The AppA protein in Rhodobacter sphaeroides is an antagonist of the transcriptional repressor protein PpsR, which can block the transcription of several photosynthesis genes through binding to a consensus sequence. To date, the AppA protein is unique in its ability to sense and transmit both light and redox signals.
The AppA protein consists of an N-terminal FAD-binding domain, recently named BLUF (sensors of blue light using FAD), and a C-terminal domain, which is involved in the light- and redox-dependent regulation of photosynthesis genes. The BLUF domain is a new family of blue light photoreceptors and it is present either in multidomain proteins or as a short protein only consisting of the BLUF domain. Recently, four BLUF domains have been found in the photoreceptor protein photoactivated adenylyl cyclase (PAC) from the eukaryotic organism Euglena gracilis. Each BLUF domain is linked to a downstream domain whose function is completely different from that of the C-terminal domain of AppA.
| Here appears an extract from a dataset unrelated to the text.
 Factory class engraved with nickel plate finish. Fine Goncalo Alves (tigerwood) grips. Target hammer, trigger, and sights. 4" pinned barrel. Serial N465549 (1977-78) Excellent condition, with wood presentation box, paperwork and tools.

In this work, a hybrid protein containing one of the BLUF domains from the PAC protein and the C-terminal domain of AppA was expressed in R. sphaeroides and the function of this hybrid protein was investigated. The results showed that the BLUF domain from the PAC protein can fully replace the AppA-BLUF domain in the light-dependent signaling. Moreover, this work revealed that the signal transmission by AppA does not require covalent linkage of the BLUF domain and the C-terminal domain. These two observations demonstrate that the BLUF domain is fully modular and can relay signals to completely different output domains. It was previously assumed that the small BLUF-containing proteins transfer the light-dependent signals to other proteins by protein-protein interactions. The interaction between the BLUF domain and the C-terminal domain of AppA revealed in this work supports this assumption.
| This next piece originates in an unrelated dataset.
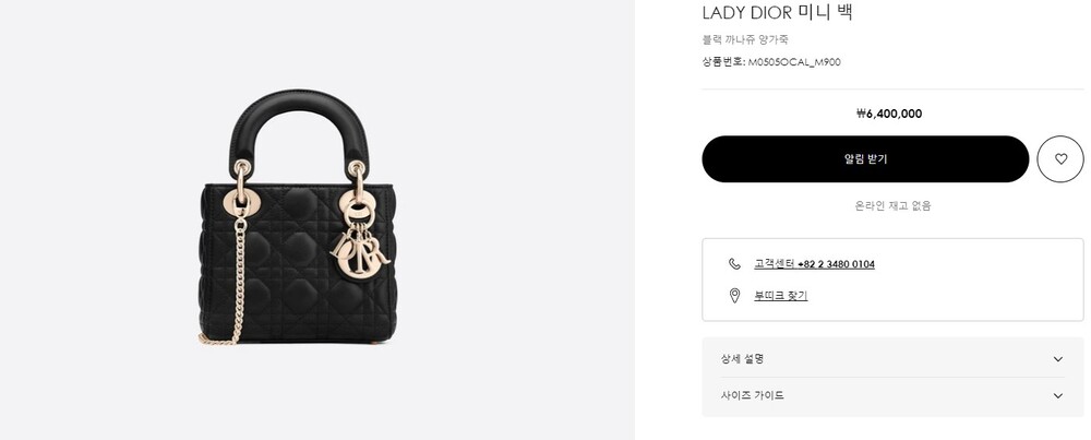 디올 LADY DIOR 미니 백 블랙 여성용(1컬러)

The previous studies have shown that AppA interacts with PpsR and inhibits the repressor activity of PpsR. However, the interacting domains of AppA and PpsR have not been determined. It was found in this study that the C-terminal domain of AppA is sufficient to inhibit the DNA-binding activity of PpsR in vivo and in vitro. This observation indicates that the binding site between AppA and PpsR must be located at the C-terminal domain of AppA. Furthermore, surface plasmon resonance (SPR) based interaction studies demonstrate that the C-terminal domain of AppA can interact with PpsR in the absence of the BLUF domain. In addition, this work presented the first evidence that the C-terminal domain of AppA contains a heme as the redox sensitive prosthetic group. Mutant analysis revealed that some of the amino acids in the heme-binding domain are essential for the function of AppA. It was also found that the cofactor heme affects not only the interaction of the C-terminal domain of AppA with PpsR but also the interaction of the C-terminal domain of AppA with the BLUF domain. These data demonstrate that the cofactor heme plays a key role in the light- and redox-dependent signaling.
Besides the AppA/PpsR system, several other regulatory systems in R. sphaeroides also control the expression of photosynthesis genes according to light and redox conditions. Thus, the interplay between the AppA/PpsR system and other systems was investigated in this work. The results showed that i) the AppA/PpsR system is the major contributor that mediates the expression of photosynthesis genes in response to light, ii) the PrrB/PrrA system is sufficient to activate photosynthesis gene expression in response to the decrease of oxygen and the redox-dependent regulation by the AppA/PpsR system requires the presence of the PrrB/PrrA system, and iii) the deficiency of thioredoxin causes the increase in the redox potential and consequently affects the AppA-PpsR system in light-dependent signaling.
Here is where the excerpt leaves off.